#### Data items:
####################

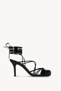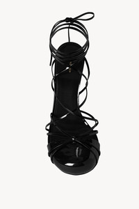 Playful strappy heeled sandal in shiny patent leather with closed cap toe and leather ankle straps. More information - 3.5 in. Heel - 100% Leather - Made in Italy - Style: F1405P73BLK
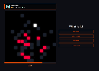 In Pix Reveal a pixel art gets revealed one pixel at a time. You have 15 seconds to choose the right out of 4 answers. The faster you answer, the more points you earn. You can play online against your friends to see who can make the most right guesses the fastest.
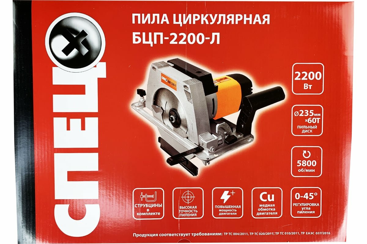 Пила циркулярная спец БЦП-2200-Л, 2200Вт 235мм, стальная подошва, комплект струбцин , цв коробка спец (СПЕЦ-3423)
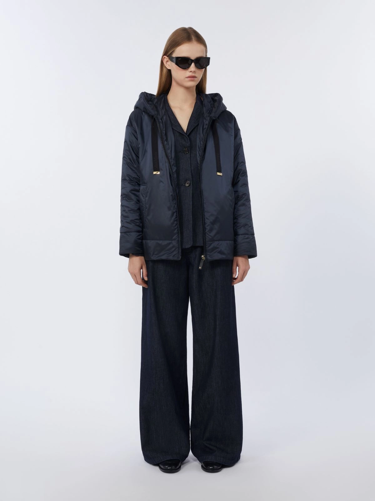 Padded water-repellent canvas hooded jacket - Midnightblue
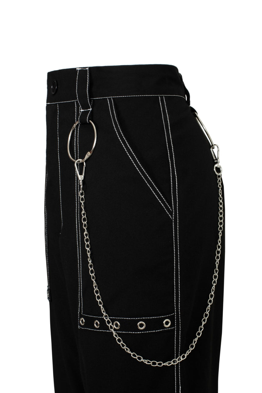 - Pockets in front with white contrast embroidery and silver eyelets along bottom of pockets
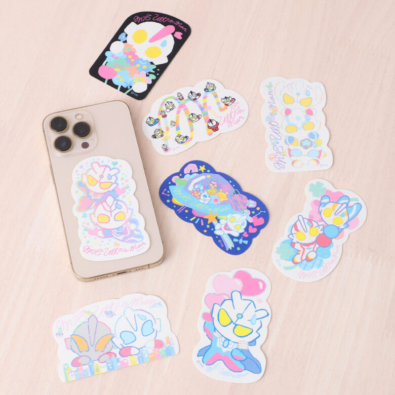 FLOWERは白地を基調にウルトラヒーローやダークヒーロー、ポップなお花をあしらい、シンプルでなじみやすいデザインに仕上げました。TOWNは街中のウルトラヒーローたちのようすを表現した全面デザインで、シンプルな手帳やステーショナリーなどに貼るだけで小物が華やかになります。
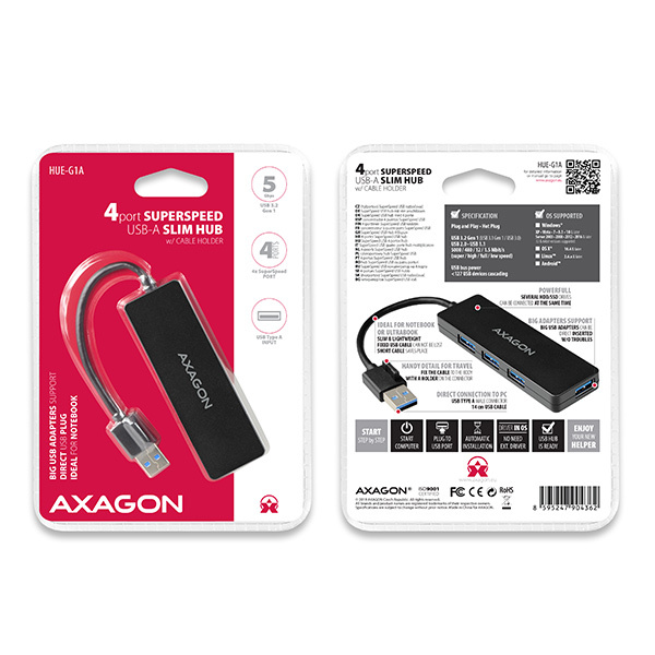 4-portový USB 3.2 Gen 1 hub AXAGON HUE-G1A je malý a tenký rozbočovač vhodný nielen na cesty. Elegantné plastové telo s polo-matným, jemne štruktúrovaným povrchom, na ktorom nezostávajú odtlačky. Ľahko a rýchlo pripojí k laptopu alebo počítaču až štyri USB zariadení súčasne.

####################

#### ABOUT THIS EXERCISE:
Every record above must be copied exactly; none of the pictures belong in the copy.

#### REPLY:
 Playful strappy heeled sandal in shiny patent leather with closed cap toe and leather ankle straps. More information - 3.5 in. Heel - 100% Leather - Made in Italy - Style: F1405P73BLK
 In Pix Reveal a pixel art gets revealed one pixel at a time. You have 15 seconds to choose the right out of 4 answers. The faster you answer, the more points you earn. You can play online against your friends to see who can make the most right guesses the fastest.
 Пила циркулярная спец БЦП-2200-Л, 2200Вт 235мм, стальная подошва, комплект струбцин , цв коробка спец (СПЕЦ-3423)
 Padded water-repellent canvas hooded jacket - Midnightblue
 - Pockets in front with white contrast embroidery and silver eyelets along bottom of pockets
 FLOWERは白地を基調にウルトラヒーローやダークヒーロー、ポップなお花をあしらい、シンプルでなじみやすいデザインに仕上げました。TOWNは街中のウルトラヒーローたちのようすを表現した全面デザインで、シンプルな手帳やステーショナリーなどに貼るだけで小物が華やかになります。
 4-portový USB 3.2 Gen 1 hub AXAGON HUE-G1A je malý a tenký rozbočovač vhodný nielen na cesty. Elegantné plastové telo s polo-matným, jemne štruktúrovaným povrchom, na ktorom nezostávajú odtlačky. Ľahko a rýchlo pripojí k laptopu alebo počítaču až štyri USB zariadení súčasne.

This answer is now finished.